• [What you need to do]: With the pictures excluded, output only the lines from the one containing "ಶ್ರೀ ಬಸವರಾಜ ಎಸ್." through the last line of the entries, unchanged.

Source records

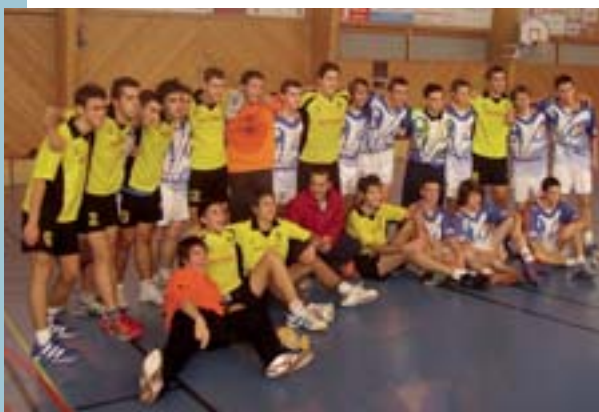
Equips d'handbol de Panazol i Picanya

Una vegada més la resposta dels atletes ha estat excepcional i tot i la coincidència en el calendari amb altres proves més de 2.500 atletes (1.600 per a la Mitja i 900 per a la Quarta) van prendre l'eixida en aquesta 14a edició. D'aquesta manera la prova de Picanya i Paiporta es manté com una de les de major participació a nivell del nostre País sols superada per autèntics mites de la cursa a peu com ara la marató de València o la maratonina.
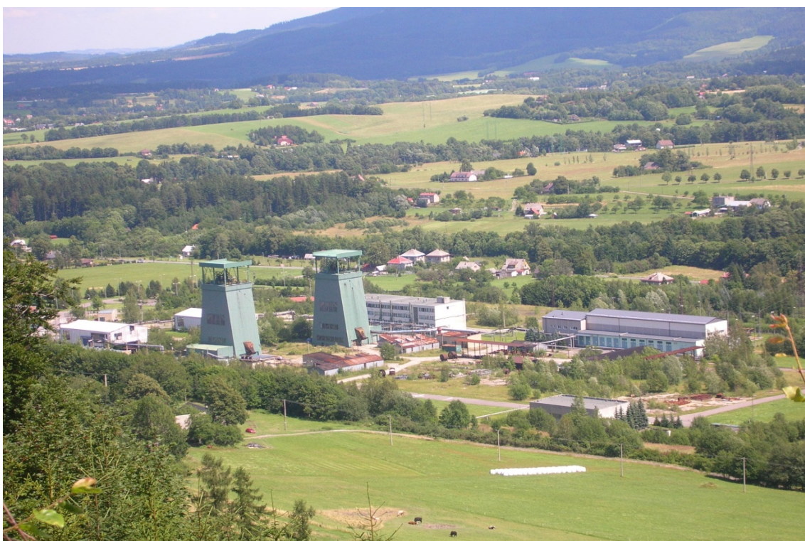
Foto 36: Budoucí hrozba, zakonzervovaný důl v Trojanovicích (J. Štěpánková, červenec 2008)
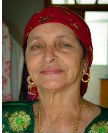
(Representative photo)

The Tidikelt Berber have only been reported in Algeria
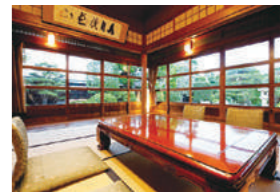
全ての個室から日本庭園を鑑賞できます。散策もOK

昭和13年に建てられた総檜造の日本料理店。和風建築の中に漂う洗練された美しさが認められ、2008年に国の登録有形文化財に指定されました。窓は厚めの昭和レトロガラス。手入れの行き届いた庭園を窓越しに眺めると、少し歪んで見える独特の景色が広がります。ぜひ実物をご覧あれ。様々なこんにやく料理が並ぶ「こんにやく会席」、月替わりの「四季会席料理」、肉の旨みが決め手の「上州牛のすき焼き御膳」など、厳選した地元の食材を心を込めて調理した品々は、相席無しで個室で召し上がれます。
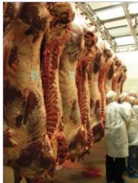
□ Jatečná těla belgických modrobílých býků na jatkách v Ciney

Jak praví parafráze starého židovského vtipu: Mezi prodejem za 1,5 eura nebo za 3 eura je „jen“ jedenapůl eura rozdíl. Nám se ale ten rozdíl zdál více než znatelný. Dostávat za srovnatelné zboží polovic než jinde na „jednotném“ evropském trhu vypadá jako poněkud diskriminující – zejména, když si uvědomíme velikost do-
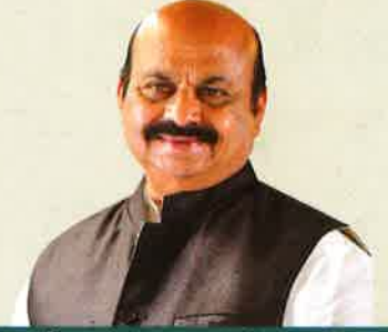
ಶ್ರೀ ಬಸವರಾಜ ಎಸ್. ಬೊಮ್ಮಾಯಿ ಸನ್ಮಾನ್ಯ ಮುಖ್ಯಮಂತ್ರಿಗಳು
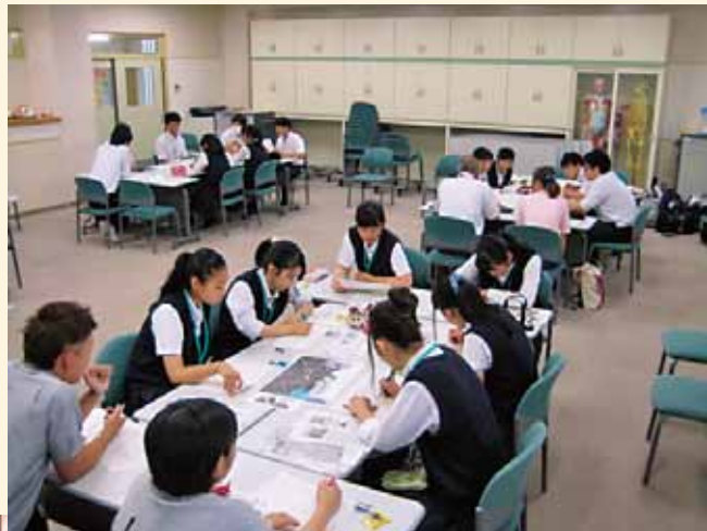
高校生と大学生のグループワーク

高校生からは「障がい者や外国人に対し理解が深まった。」とイメージを変えることができたようです。今後、この経験を活かして若い生徒・学生たちが自分たちにできることを考え「魅力ある地域」を目指して活動を続けていく予定です。
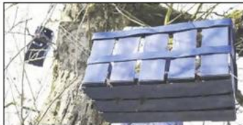
Blaue Obstkörbe am Faulenzer-Baum.
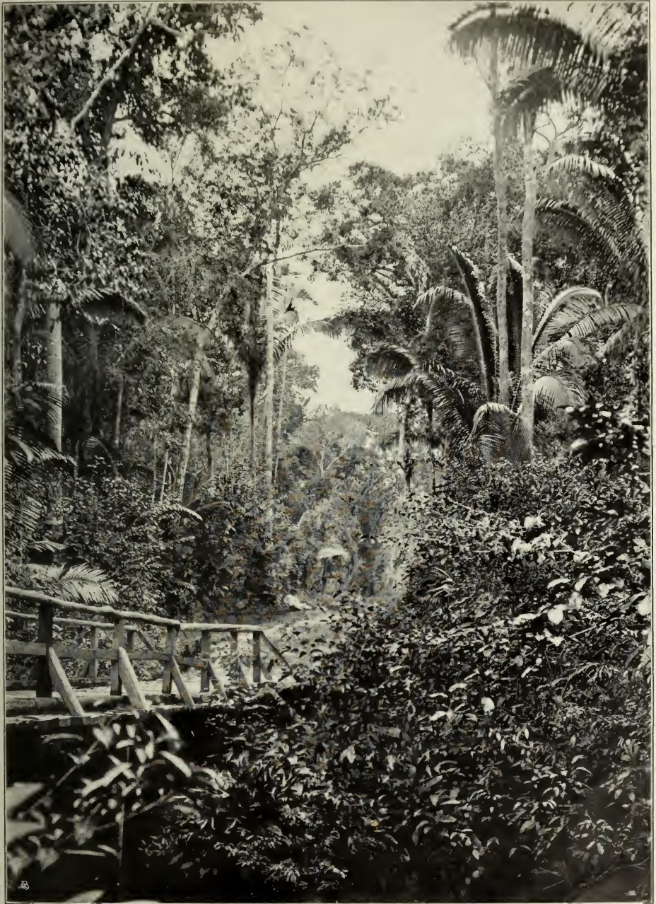
Feuchter Wald der Terra firme in der Kolonie Campo Salles unweit Manáos, am Bache Tacca Sprucei Bth. und im Walde Maximiliana Maripa Dr.
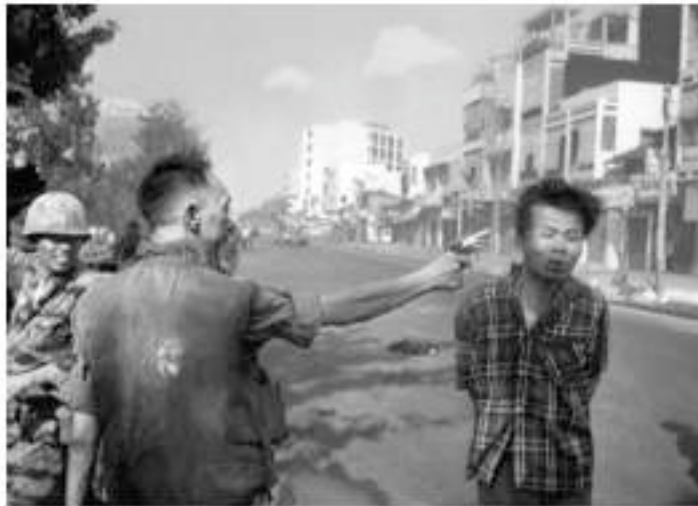
DREAMERS 1968, Un sospetto Viet Cong viene giustiziato per strada da Nguyen Ngoc Loan capo della Polizia Nazionale vietnamita a Saigon, 1 febbraio

Seguiranno poi le occupazioni, le contestazioni e le rivolte studentesche : in particolare, saranno ripercorsi i tragici scontri tra studenti e forze dell'ordine avvenuti nella famosa " Battaglia di Valle Giulia " nonché i numerosi scontri e scioperi che hanno caratterizzato la Torino dell'epoca. Nel capoluogo piemontese, infatti, il 1968 comincia in anticipo, con l'occupazione studentesca di Palazzo Campana, sede dell'Università: è l'inizio di un anno di lotte contro il potere accademico, unite agli scioperi operai. Sarà, inoltre, riportato un ciclostile originale dell'epoca, per rievocare i momenti della ribellione per mezzo della stampa di volantini e giornaletti universitari.

• [Solution]:
ಶ್ರೀ ಬಸವರಾಜ ಎಸ್. ಬೊಮ್ಮಾಯಿ ಸನ್ಮಾನ್ಯ ಮುಖ್ಯಮಂತ್ರಿಗಳು
高校生と大学生のグループワーク

高校生からは「障がい者や外国人に対し理解が深まった。」とイメージを変えることができたようです。今後、この経験を活かして若い生徒・学生たちが自分たちにできることを考え「魅力ある地域」を目指して活動を続けていく予定です。
Blaue Obstkörbe am Faulenzer-Baum.
Feuchter Wald der Terra firme in der Kolonie Campo Salles unweit Manáos, am Bache Tacca Sprucei Bth. und im Walde Maximiliana Maripa Dr.
DREAMERS 1968, Un sospetto Viet Cong viene giustiziato per strada da Nguyen Ngoc Loan capo della Polizia Nazionale vietnamita a Saigon, 1 febbraio

Seguiranno poi le occupazioni, le contestazioni e le rivolte studentesche : in particolare, saranno ripercorsi i tragici scontri tra studenti e forze dell'ordine avvenuti nella famosa " Battaglia di Valle Giulia " nonché i numerosi scontri e scioperi che hanno caratterizzato la Torino dell'epoca. Nel capoluogo piemontese, infatti, il 1968 comincia in anticipo, con l'occupazione studentesca di Palazzo Campana, sede dell'Università: è l'inizio di un anno di lotte contro il potere accademico, unite agli scioperi operai. Sarà, inoltre, riportato un ciclostile originale dell'epoca, per rievocare i momenti della ribellione per mezzo della stampa di volantini e giornaletti universitari.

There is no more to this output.